Южане не удержались от усмешек. Спилет, болтая с ними, не раздумывал над тем, что он говорит. Слова лились сами собой, но это не было важно – журналист впился взглядом в мёртвого майора федеральной армии, выделив его среди остальных трупов. Он вцепился в этого майора, и в голове репортёра уже складывались первые строчки заметки, которую он напишет сегодня же вечером, смакуя каждую запятую, – что за сюжет! Мёртвый офицер! Благородный человек, погибший в плену!
Да-да, дикая банальщина, за 4 года уже приелась всем, но Спилет – он сможет даже эту подброшенную случаем банальность превратить во что-то… ну хотя бы слёзовыжимательное. А, возможно, и читабельное. Не примет Беннет – отнесём в «Harper’s Weekly» пару рисунков!..
Южане снова занялись своим делом, посмеиваясь над весёлым собеседником-янки, а Спилет, пользуясь тем, что их внимание отвлечено, присел на колени перед телом майора.
Смертная судорога лишь немного исказила благородное лицо офицера. Его сухие строгие губы были крепко сжаты, а глаза – полуприкрыты, и из-под ресниц блестели остановившиеся зрачки. В лице – ни кровинки. Большой нос, излишне выдававшийся вперёд, отлично смотрелся в профиль (в голове репортёра мелькнула мысль: в профиль и портрет можно рисовать). Густые тёмные усы под носом составляли резкий контраст с бледностью кожи. Волосы, подёрнутые сединой, растрепались и лежали в беспорядке, одна седая прядь прилипла ко лбу.
Разглядев лицо и голову умершего, Спилет обратил внимание и на позу, в которой он застал труп. Небрежно брошенное на землю тело в драном мундире... левый рукав почти полностью оторван, на груди, повыше сердца, какое-то кровавое месиво, едва прикрытое бинтами и обрывками синей формы. Ясно, раны смертельные. Долго ли он прожил после ранения? Приходил ли в сознание?
Правая рука, в отличие от изуродованной, сведенной судорогой левой, лежит мягко, расслабленно, и пальцы – неожиданно тонкие, но, вероятно, при жизни обладавшие немалой силой – полусогнуты.
И всё же притягивало взгляд к себе именно окаменевшее лицо. Дождевые капли уже несколько минут падали на лицо майора, и теперь казалось, что на лбу выступила испарина, а капельки, собравшиеся в уголках глаз, походили на слёзы. Наверное, при жизни этот человек не так уж много плакал, а теперь зимний ричмондовский дождь заставлял его плакать после смерти.
Спилет автоматически провёл рукой по лбу умершего и закрыл остекленевшие глаза, одновременно стирая дождевые «слёзы». И вдруг замер, глядя на свою ладонь, только что коснувшуюся бледной кожи мертвеца…
- ...А «Энквайер» пишет…
Эта фраза вырвала Спилета из задумчивости.

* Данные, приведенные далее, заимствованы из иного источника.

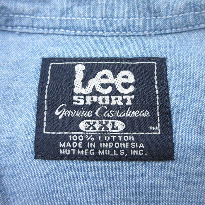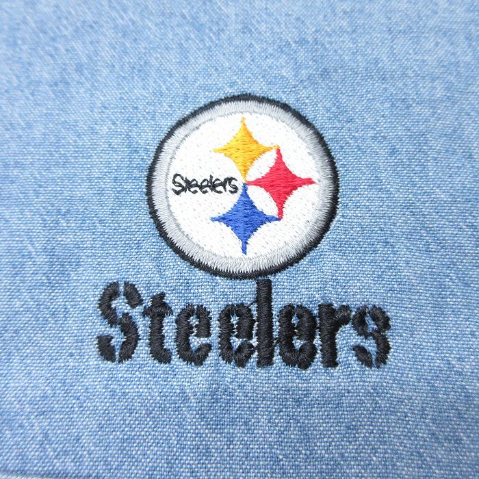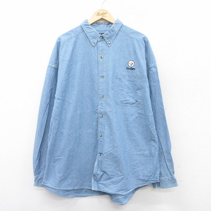 【商品名】 XL★古着 リー Lee 長袖 シャツ メンズ NFL ピッツバーグスティーラーズ 大きいサイズ ロング丈 コットン ボタンダウン 紺 デニム アメフト スーパーボウル

- «Энквайер»! Местная газета, как я о ней забыл! И что они там пишут?
- Что Ричмонд не сдаётся, мистер Янки, вашим янки!
- Сдаётся мне, мистер Реб, что в «Нью-Йорк Геральд» об этом другого мнения. Я сам дня два назад послал туда последнюю депешу с сообщением, что Ричмонд скоро падёт.
- Э! А потом попали в плен!
- А и правда! – Спилет рассмеялся. – Не спорю, не спорю! Так дадите мне взглянуть на ваш «Энквайер»?
- Читайте! – ему протянули сложенный вчетверо измятый лист. – Смотрите, как ваших там бьют, пока вы на наших харчах живёте!
Спилет, не снимая с лица широкой улыбки (возможно, со стороны она уже выглядела усмешкой) развернул газету, глаза его забегали по строчкам, жадно впиваясь в слова: «…штурмы отбиты один за другим…», «…среди федералов много пленных и раненых…», «…потери врага велики…», «…взяты в плен офицеры, в их числе…», «…раненые переправлены в госпиталь».
- Да, неплохо… - вслух сказал репортёр. – Значит, раненые офицеры, попали в плен, и вылечить их, естественно, не смогли...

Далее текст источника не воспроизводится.